Khan’s monumental buildings, including the Salk Institute, the Kimball Art Museum in Ft. Worth, Texas, the Phillips Exeter Academy Library in New Hampshire and the National Assembly Building in Dhaka, Bangladesh, exemplify his modern designs that respond to each project’s function, site and light paths and innovative use of materials such as concrete.
In the early 1970s, Khan also designed a memorial to Franklin D. Roosevelt. Forty years later, the project, Four Freedoms Park, was finally completed on Roosevelt Island and dedicated on Oct. 17 with a ceremony that included President Bill Clinton, Gov. Andrew Cuomo and Mayor Michael Bloomberg. The entrance to the granite memorial is lined with tree that frame views of the Manhattan skyline and the harbor.
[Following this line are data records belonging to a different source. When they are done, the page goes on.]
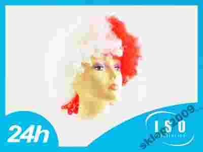 247~ PERUKA AFRO BIAŁO CZERWONA POLSKA FLAGA
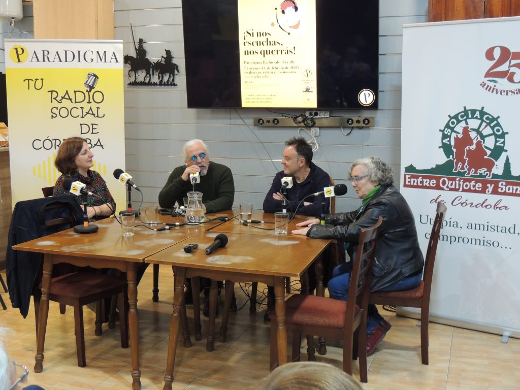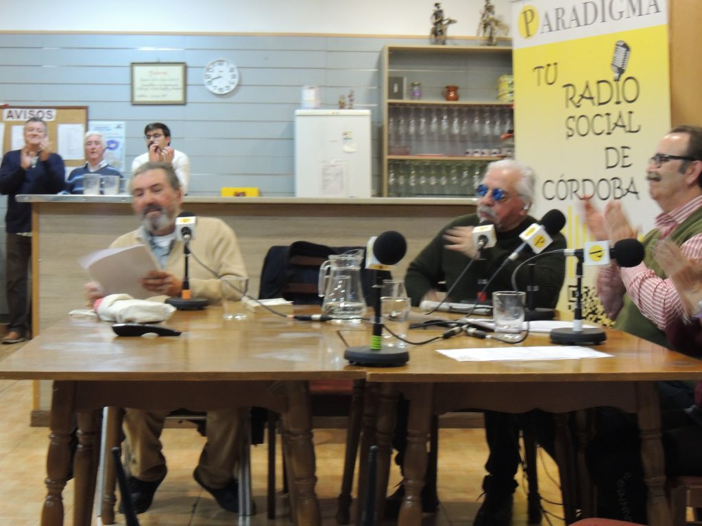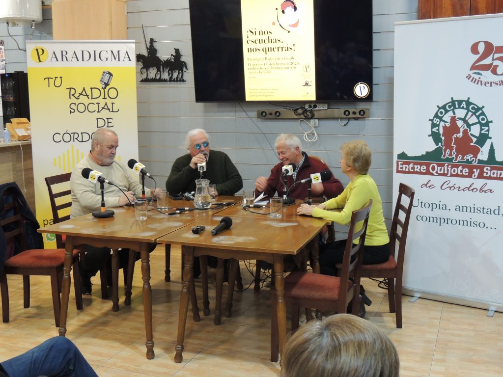 María José Montilla solicitó escuchar una canción de esas que, tristemente, siempre y cada vez más, están muy vigentes. Se trató de la “Milonga del Moro Judío”, del gran Jorge Drexler. Y tras oírla, tuvimos a más protagonistas de Paradigma Radio: Ana Baragaña y José Antonio Naz que hacen “Domingos Laicos”, de la Asociación Córdoba Laica; a Manolo Mora y Alicia Jurado, que hacen “Ciencia Radiante”; y a las presentadoras de “Derecho a Techo”, Emma Lancha, que estaba en la mesa, e Isabel Becerril que nos atendió desde Buenos Aires. Sabrosísima la charla que mantuvieron.
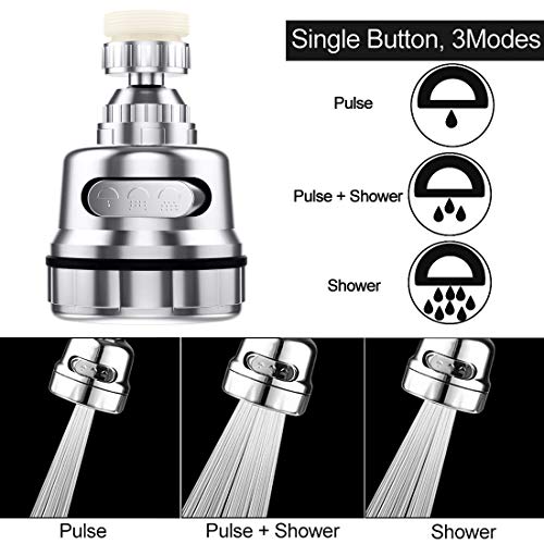 Miotlsy 360 ° Girevole Lavello Rubinetto Gorgogliatore prolungato Aeratore Rubinetto a risparmio idrico Rubinetto filtro Regolatore spray Testa ugello Per Cucina Bagno,3 Modalità, d'argento
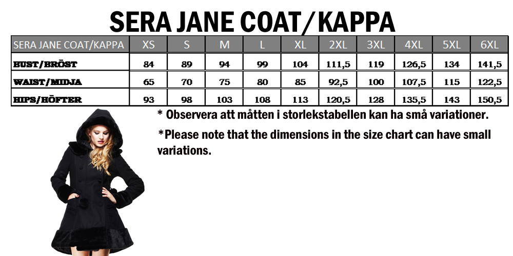 Hell Bunny Sera Jane Coat Plus Size Black är den mysigaste kappan du kan hitta med vacker fuskpäls, dubbelknäppning framtill och korsettsnörning baktill. Modellen kommer såklart från Hell Bunny!
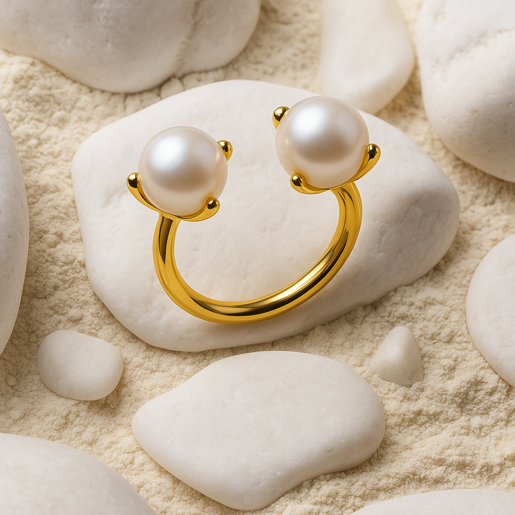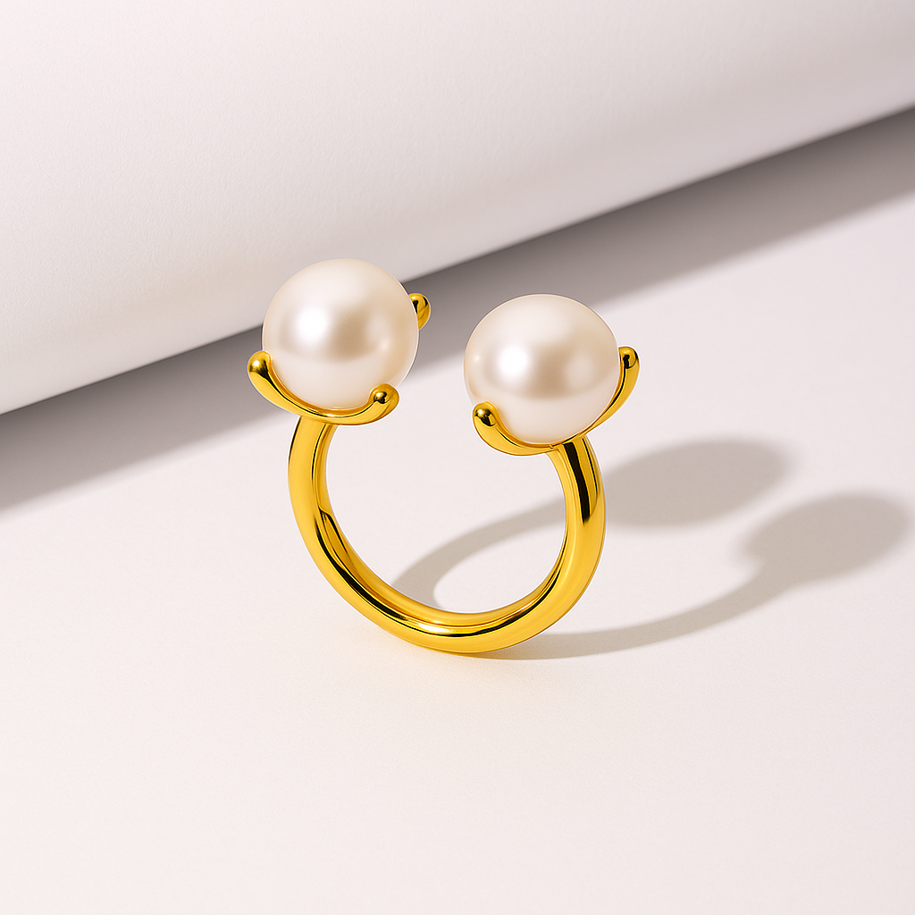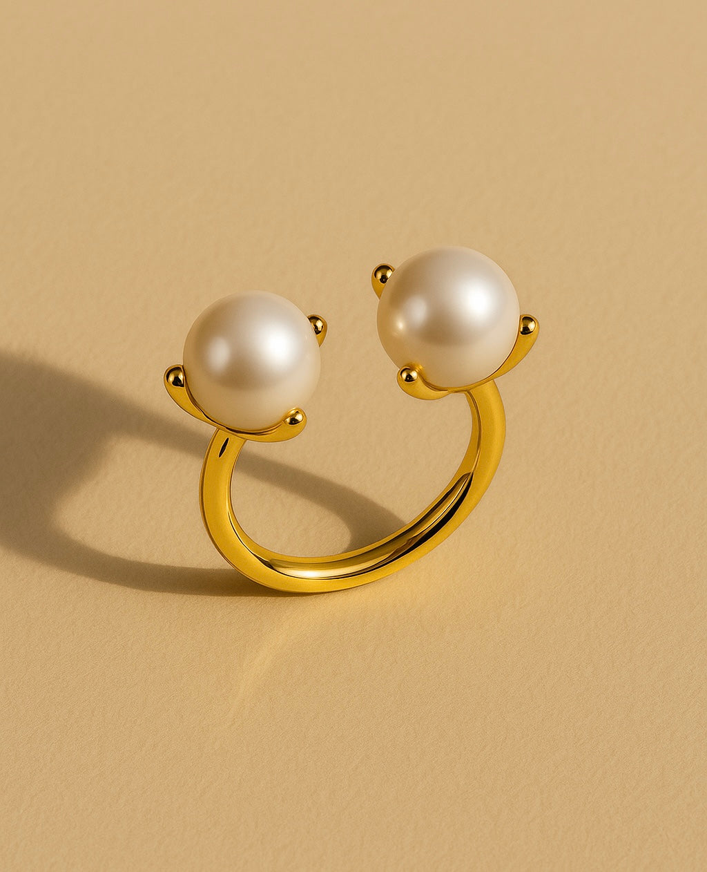 A contemporary symbol of balance and beauty, the Twin Bloom Ring features two luminous faux pearls blooming from each end of a polished gold arc. The open-ended design adds a sculptural edge, while the smooth curves and contrasting elements evoke harmony and boldness. Lightweight and adjustable, it’s the perfect finishing touch for everyday elegance or evening refinement.

To coincide with the unveiling, Lori Bookstein Fine Art is exhibiting model of the monument along with many of his drawings of parks, trees and landscapes. Kahn executed the 15 watercolors, drawings and paintings in “Louis I. Khan: In the Park” during his travels in the United States and abroad from the late 1920s to the late 1950s.
In a release, the gallery states: “Just as parks can best be described as intermediate zones that are both feral and domesticated, natural and manicured, so too did Louis I. Kahn maintain his dual identity as both artist and architect.”
Four Freedoms park opened to the public on Oct. 24. The exhibit at Lori Bookstein is on view from Oct. 11 to Nov. 10, 2012 and was presented as a part of Archtober, architecture and design month in October.